Take the lines of the data below from the very first through the line containing "시민행정신문 이세훈 기자" and output them exactly, pictures excluded.
----------
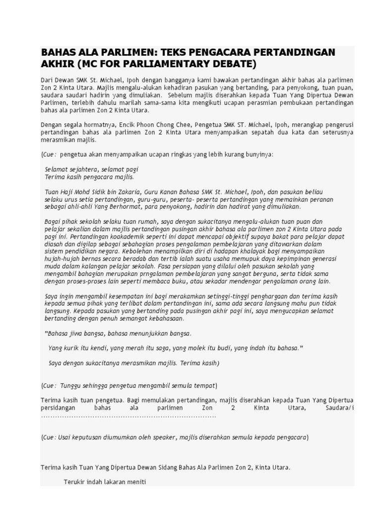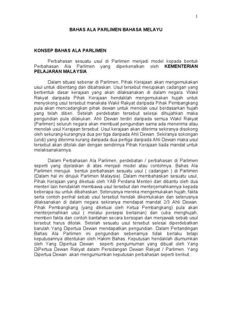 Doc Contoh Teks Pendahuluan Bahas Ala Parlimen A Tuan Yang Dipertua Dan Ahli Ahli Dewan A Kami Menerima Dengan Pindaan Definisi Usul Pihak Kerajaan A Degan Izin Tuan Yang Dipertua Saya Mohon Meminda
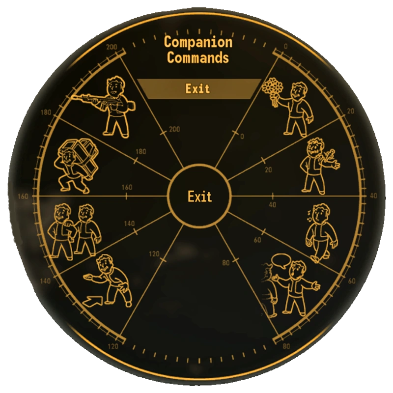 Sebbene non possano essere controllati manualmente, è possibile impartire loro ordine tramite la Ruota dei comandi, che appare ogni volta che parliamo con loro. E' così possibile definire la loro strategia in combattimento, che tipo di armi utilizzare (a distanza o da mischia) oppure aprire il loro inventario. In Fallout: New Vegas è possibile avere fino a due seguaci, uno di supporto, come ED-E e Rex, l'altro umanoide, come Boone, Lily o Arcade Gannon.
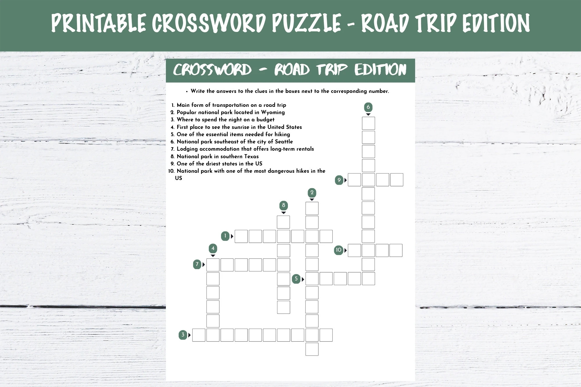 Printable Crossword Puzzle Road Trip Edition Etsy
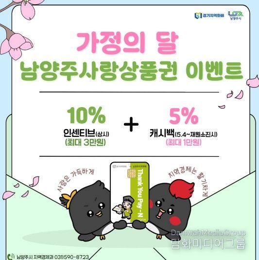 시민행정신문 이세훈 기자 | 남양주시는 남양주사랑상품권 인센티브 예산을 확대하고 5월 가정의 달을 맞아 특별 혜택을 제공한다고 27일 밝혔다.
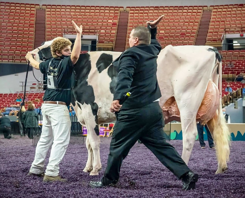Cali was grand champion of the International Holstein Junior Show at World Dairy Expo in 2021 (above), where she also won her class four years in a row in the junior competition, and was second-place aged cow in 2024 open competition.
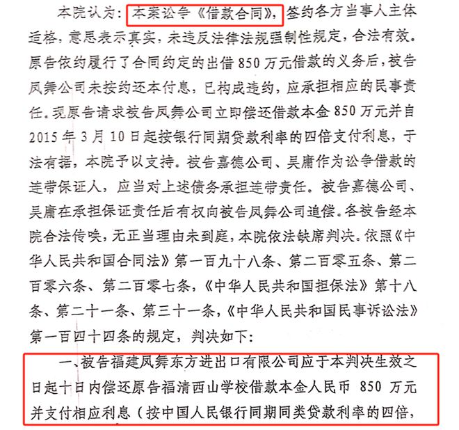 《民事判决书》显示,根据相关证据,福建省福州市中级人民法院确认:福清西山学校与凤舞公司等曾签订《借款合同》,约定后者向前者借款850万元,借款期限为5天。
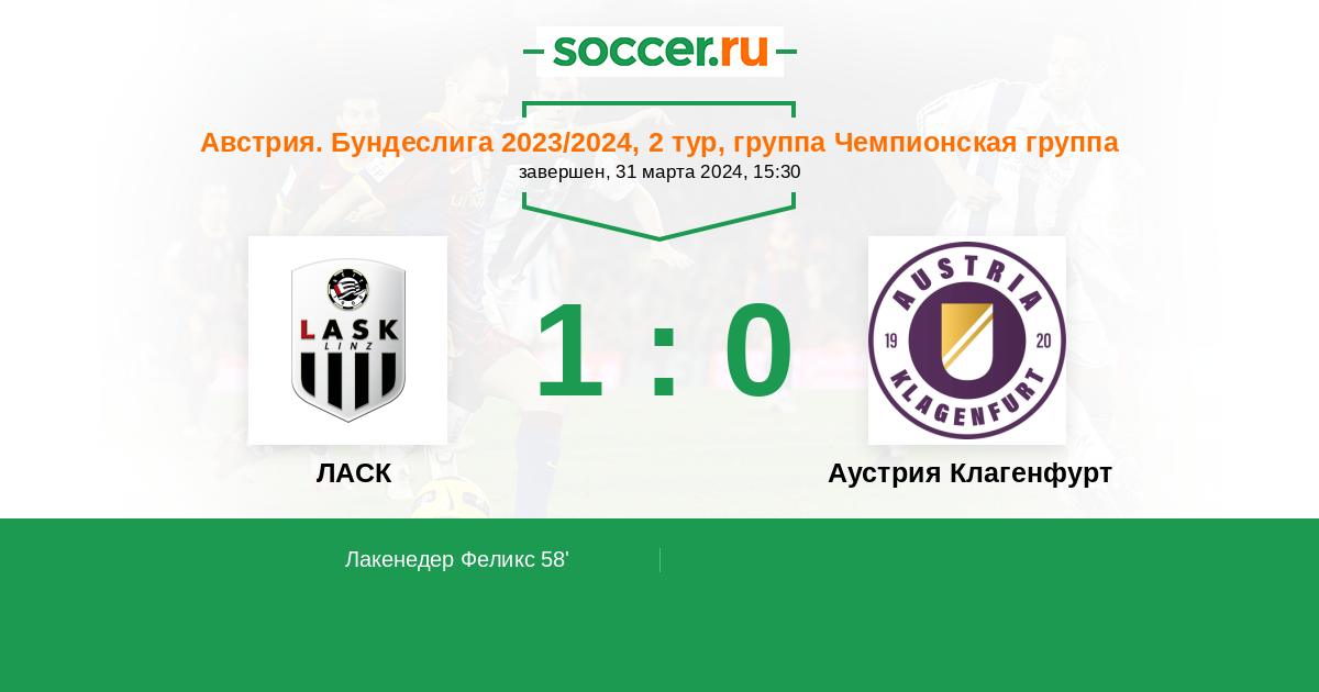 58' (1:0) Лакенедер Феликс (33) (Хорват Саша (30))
----------
> _RESPONSE TO THE TASK_:
 Doc Contoh Teks Pendahuluan Bahas Ala Parlimen A Tuan Yang Dipertua Dan Ahli Ahli Dewan A Kami Menerima Dengan Pindaan Definisi Usul Pihak Kerajaan A Degan Izin Tuan Yang Dipertua Saya Mohon Meminda
 Sebbene non possano essere controllati manualmente, è possibile impartire loro ordine tramite la Ruota dei comandi, che appare ogni volta che parliamo con loro. E' così possibile definire la loro strategia in combattimento, che tipo di armi utilizzare (a distanza o da mischia) oppure aprire il loro inventario. In Fallout: New Vegas è possibile avere fino a due seguaci, uno di supporto, come ED-E e Rex, l'altro umanoide, come Boone, Lily o Arcade Gannon.
 Printable Crossword Puzzle Road Trip Edition Etsy
 시민행정신문 이세훈 기자 | 남양주시는 남양주사랑상품권 인센티브 예산을 확대하고 5월 가정의 달을 맞아 특별 혜택을 제공한다고 27일 밝혔다.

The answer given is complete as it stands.